Себастьян Хаффнер - Пруссия без легенд
Как и сегодняшние ЕС и НАТО, европейская система, созданная на Венском конгрессе, была сообществом государств, внутри которого должна была быть исключена война и она действительно была исключена на длительное время; мирный порядок. После ужасных потрясений и страданий предшествовавшей более чем двадцатилетней эпохи войн, мир на протяжении жизни поколения людей для всех европейских государств действительно был наивысшим благом, которому они охотно подчинили свои интересы. Австрия больше не высказывала никаких претензий на Силезию, Франция примирилась с потерей границы по Рейну, и Пруссия тоже более не видела в разорванности своих старых восточных и новых западных территорий никакого повода для политики объединения земельных владений. И в отличие от нынешних ЕС и НАТО система мира Венского конгресса включала всю Европу. Державы-победительницы 1813–1815 годов проявили достаточно мудрости, чтобы принять в созданную ими европейскую систему и разместить в ней побежденную Францию как равноправного и равноуважаемого участника. Они сохранили в мирное время свое военное единство и даже идеологически его укрепили, так что этот мир Европу не разделял, как теперь, а объединял. Все это суммируется в значительный, с тех пор никогда более не достигнутый государственный и человеческий результат, и было бы хорошо держать перед глазами его преимущества и отдавать должное его исключительности, прежде чем рассматривать его слабости, от которых он в конце концов — тем не менее лишь через поколение жизни людей — в конце концов погиб.

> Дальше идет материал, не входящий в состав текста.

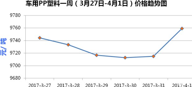 PP塑料本周内价格变化如下:3月27日-31日,价格小幅下跌,跌幅为29.63元/吨;3月31日-4月1日,价格上涨,4月1日价格为9759.26元/吨。PP塑料本周均价为9730.25元/吨,较上周下跌0.27%。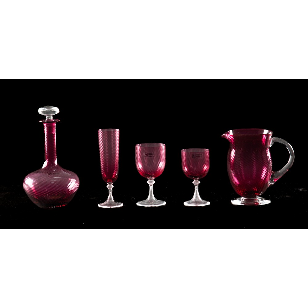 Servizio di bicchieri 38 pezzi in vetro soffiato a torchon “Rubino” così suddiviso: 12 bicchieri acqua, 12 bicchieri vino, 12 flûte champagne, una caraffa, una bottiglia.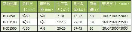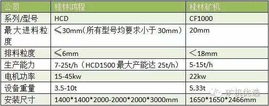 5) 从电机功率、设备重量和尺寸上可以看出,桂矿的CF1000型号比较接近鸿程的HCD1100型号,两者的最高产能都是15t/h。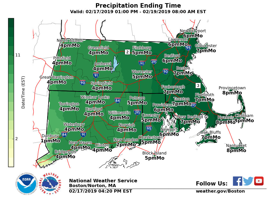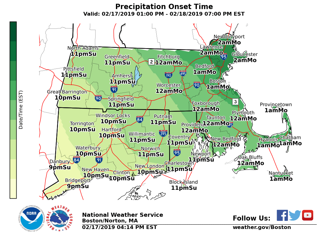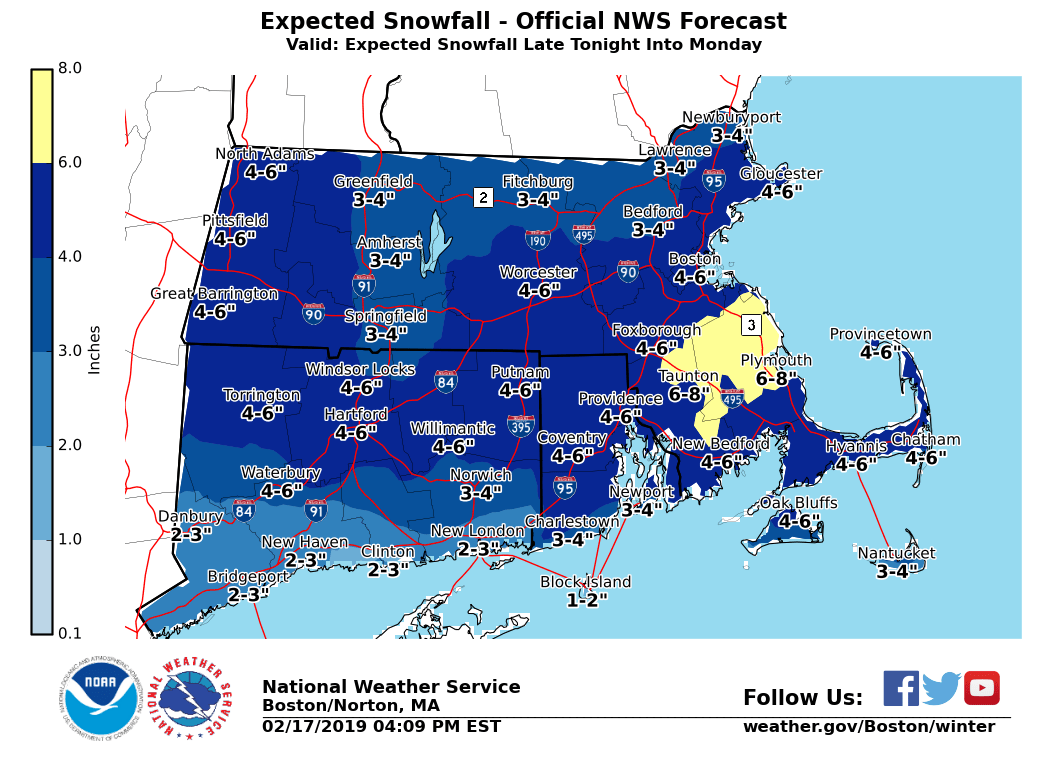 Good afternoon everyone. We have included a brief outline in this email and attached the latest snowfall forecast along with the approximate start and end times. *What has changed:* - Winter Storm Warnings Issued for northern Rhode Island into portions of southeast MA approaching the Cape Cod Canal. 4 to 7 inches of snow expected. - Winter Weather Advisories expanded to include the rest of southern New England for a general 3 to 6 inches of snow. *WHAT: * - A plow-able snowfall is in store for the region. *WHERE: * - All of Massachusetts, Rhode Island and Connecticut *WHEN: * - Snow is expected to overspread the region from southwest to northeast between 9 pm and 2 am Monday morning. - The heaviest snow will fall after midnight through about 9 am Monday morning near and especially south of the Massachusetts turnpike. - Lighter snows will continue later Monday morning and afternoon, but bands of heavier snow will impact central and eastern Massachusetts at times. *POTENTIAL IMPACTS:* - Roads will become snow covered/slippery along with reduced visibility for the Monday morning commute particularly near and especially south of the MA turnpike (although more limited given the Holiday). - Greatest risk for snow and slippery roads during the Monday afternoon/early evening commute will be across central and eastern MA, where the ending time will be the latest. *UNCERTAINTY:* - High confidence in a general 3 to 7 inches of snow across the region. Greatest risk for higher amounts will be across portions of RI into southeast MA. - If the low tracks further south amounts will be on the lower end of those numbers, while if it ends up a bit further north snow amounts will be on the higher end. - Snow amounts on the immediate south coast, Cape and Islands are subject to change by a few inches dependent on how far north the rain/sleet line gets into the region. Please let us know if you have any questions or concerns. Thank You Meteorologist: Hayden Frank If you have any questions or would like more information, don't hesitate to contact us via this email address, on NWSChat <https://nwschat.weather.gov/>, or at the following: National Weather Service Boston/Norton, MA 46 Commerce Way Norton, MA 02766 508.622.3280 Website <http://www.weather.gov/boston> | Facebook <http://www.facebook.com/NWSBoston> | Twitter <http://www.twitter.com/NWSBoston>

Эти слабости лежали в некоторой определенной идеологической слепоте. Мир 1815 года был миром между государствами. Чего добивался и чего достиг Венский конгресс — это по возможности совершенного баланса сил, который должен был сохранять самого себя "внутренне присущей ему гравитацией", по выражению Вильгельма фон Гумбольдта в его обращении к Немецкому Союзу. Государственные границы были таким образом скроены, а сферы влияния великих держав так сбалансированы, что война для их изменения никому не была бы выгодна и никому не обещала успеха. И действительно, ведь мирному порядку 1815 года никогда не угрожали конфликты государств; что же в конце концов в 1848 году перевернуло вверх дном весь этот мир, было вовсе не войной, а революцией.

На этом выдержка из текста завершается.